During the register operand fetch the operands that are required by the instruction are obtained from various sources. Most of the instructions use the values stored in the register file. This is the reason why this module has been designed with the following modes of operation with respect to inputs and outputs (to be processed by the ALU):
- One 8-bit output, one 8-bit result input
- Two 8-bit outputs, one 8 bit result input
- Two 8-bit outputs, one 16-bit result input
- One 16-bit output, one 16-bit result input
For example, if an operation requires two 8-bit values stored in two different registers, the register file can output both of them simultaneously into the ALU. For the same instruction, an 8-bit value can be written in another register.
Some instructions contain one operand that is not in a register but is part of the instruction itself. A pre-defined subset of the instruction bits is extracted and used as operand. The AVR Instruction Set Architecture contains the description of which combinations of operands are allowed for each instruction.
The instructions that read or write data from the Data Memory are special cases with respect to this stage. The operands required for their execution are used to calculate the address of the position in memory from where the data will be read, where the data will be written.
The following figure shows the simplified data-path with the components that play a role in this stage.
6.2.3. ALU Operation Execute
This stage is only present in those instructions that require an operation to be performed by the ALU. The control signals select the appropriate operation and the result is produce at the output (the ALU is a combinational circuit).
The status register is updated to reflect the conditions of the result just obtained. More precisely, the following bits in the register are changed:
- Carry Flag: if a carry has occurred in the latest operation
- Zero Flag: if the result of the latest operation is zero
- Negative Flag: if the result of the latest operation has the sign bit to one
- Two’s Complement Overflow Flag: if the overflow condition for two’s complement is satisfied, that is if the carry into the most significant bits is different to the carry derived from the most significant bit.
- Sign Bit: the exclusive or between the Negative Flag and the Two’s complement Flag.
- Half Carry Flag: if there is a carry out of the third bit of the result of the latest operation.
The following figure shows the subset of blocks in the architecture that are active in this stage.
6.2.4. Result Write Back
This stage is not present in all the instructions, only those that produced a result by the ALU in the previous stage that needs to be stored in the register file.
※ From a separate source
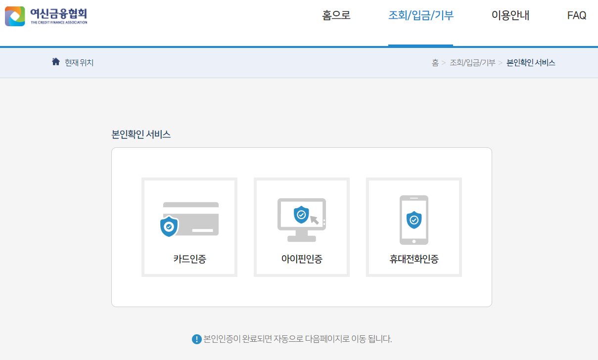 본인 확인 서비스로, 카드 / 아이핀 / 휴대전화 인증 중 한 가지 방법을 선택하셔서 진행하시면 됩니다

The ALU writes the result on to the data bus. At the same time the register file selects the destination for the result, reads the value from the bus, and selects the write operation.
The following figure shows the subset of blocks in the architecture that are active in this stage.
6.2.5. Pipelined execution
To increase the overall performance of the microcontroller, the architecture has been designed following a technique called 2-stage pipelining. The idea is to execute the two main stages of two instructions in parallel to increase speed. In other words, the execution stage of an instruction (containing ROF, ALU and RWB) is done in parallel with the fetch of the next instruction in sequence. This technique is similar to the concept applied in a production line. For example, cars are typically produced in stages. A single car goes through all the stages in sequence until it is finished, however, an entire plant is working in as many cars as stages in the production line. This parallelism allows an increase in the production rate when compared with the scenario in which not until a car is finished, the next one is started.
The following figure illustrates this principle in the AVR architecture.
Pipelined Execution in the AVR Architecture
Pipelining is now a technique that is used by most of the commercial microcontrollers and processors. However, the execution of several instructions in parallel significantly increases the complexity of the design of the overall circuit as the control signals also need to be generated in parallel and taking into account instructions that may break the normal sequence of instructions (jumps).
6.3. The Stack
Aside from the architectural blocks described in the previous section, most of the microcontrollers offer the possibility to manipulate a basic data structure stored in memory called the stack. The stack is an area in the data memory in which data can be read and written with special instructions (aside from the normal ones). This area has a special location called the top of the stack. The processor includes two machine instructions to perform the operations of pushing data from a location to the stack and popping data from the stack to a location. In the AVR architecture, the instructions are restricted to use registers, and the data size is always 1 byte.
6.3.1. Stack Instructions
The instruction to put a byte of data on top of the stack has the format push rn (where rn is any of the general purpose registers). The effect is to store the content of the register at the top of the stack. Let us assume that the top of the stack is in address @top. The effect of the instruction push rn is:
- The value of @top is decremented by one (@top = @top - 1).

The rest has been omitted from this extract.